Aras conclui que o “cidadão é destinatário de uma ordem direta, individualizada, substancial e formalmente legal, e tem o dever de atendê-la”, no caso de ordem de parada de autoridade policial no exercício da proteção da segurança pública.
O PGR pondera ainda que o fato de cumprir a ordem de parada não obriga o indivíduo a assumir eventual responsabilidade penal, pois “exige-se apenas que o indivíduo responda às indagações que forem pertinentes à sua identificação e qualificação pessoal”. Nem prevê a sujeição de quem parou na blitz a uma eventual aplicação de penalidade, caso ele decida nada falar sobre um delito que tenha praticado.
“[A ordem de parada em blitz] é medida necessária, idônea, proporcional e que legitima a opção legislativa de restringir, parcialmente, a liberdade do cidadão em favor da efetivação do direito coletivo à segurança pública”, conclui Aras.
Coletividade x individual
A posição visa promover equilíbrio entre o legítimo dever do Estado de combater crimes, a garantia de toda a sociedade à segurança pública e os direitos fundamentais do investigado, entre eles o de não se autoincriminar.
“A garantia contra a autoincriminação há de ser relativizada, com vistas a viabilizar um juízo de harmonização que propicie a efetivação de outros direitos fundamentais que eventualmente com ela colidam, a exemplo do direito coletivo à segurança pública e do dever estatal de prevenir e reprimir condutas penalmente relevantes”, defende Aras.
O PGR legitima as forças policiais, no contexto de policiamento ostensivo, a dar ordem de parada e realizar a conferência de documentos e vistoria de veículos, bem como a entrevista dos motoristas e passageiros. E conclui ser inviável, nessa atividade, a polícia ter que se basear em suspeita de prática de delito, para poder identificar a pessoa abordada.
Caso de roubo de carro
No parecer, Aras ressalta ainda que a existência de delito prévio a ser ocultado somente reforça a necessidade de tipificação penal do crime de desobediência no caso em análise, de um réu que, em 2016, foi denunciado e condenado por roubo de carro e desobediência, por não acatar a ordem de parada de agentes estatais que realizavam policiamento ostensivo. Após tentativa de fuga, com perseguição e perda de controle da direção, ele foi detido.

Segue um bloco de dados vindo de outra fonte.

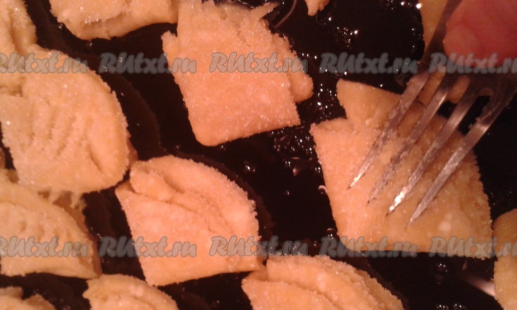 Выложить на противень, смазанный подсолнечным маслом, сахарной стороной вверх. Надавить вилкой, чтобы сделать лапки.

No parecer, o PGR propõe a seguinte tese de repercussão geral: “Não existe violação à garantia da não autoincriminação no enquadramento penal da conduta daquele que desobedece a ordem legal de parada, emanada por agentes públicos no contexto de policiamento ostensivo, com o objetivo de prevenir e reprimir a prática de crimes”. (Com informações da Secretaria de Comunicação Social da PGR).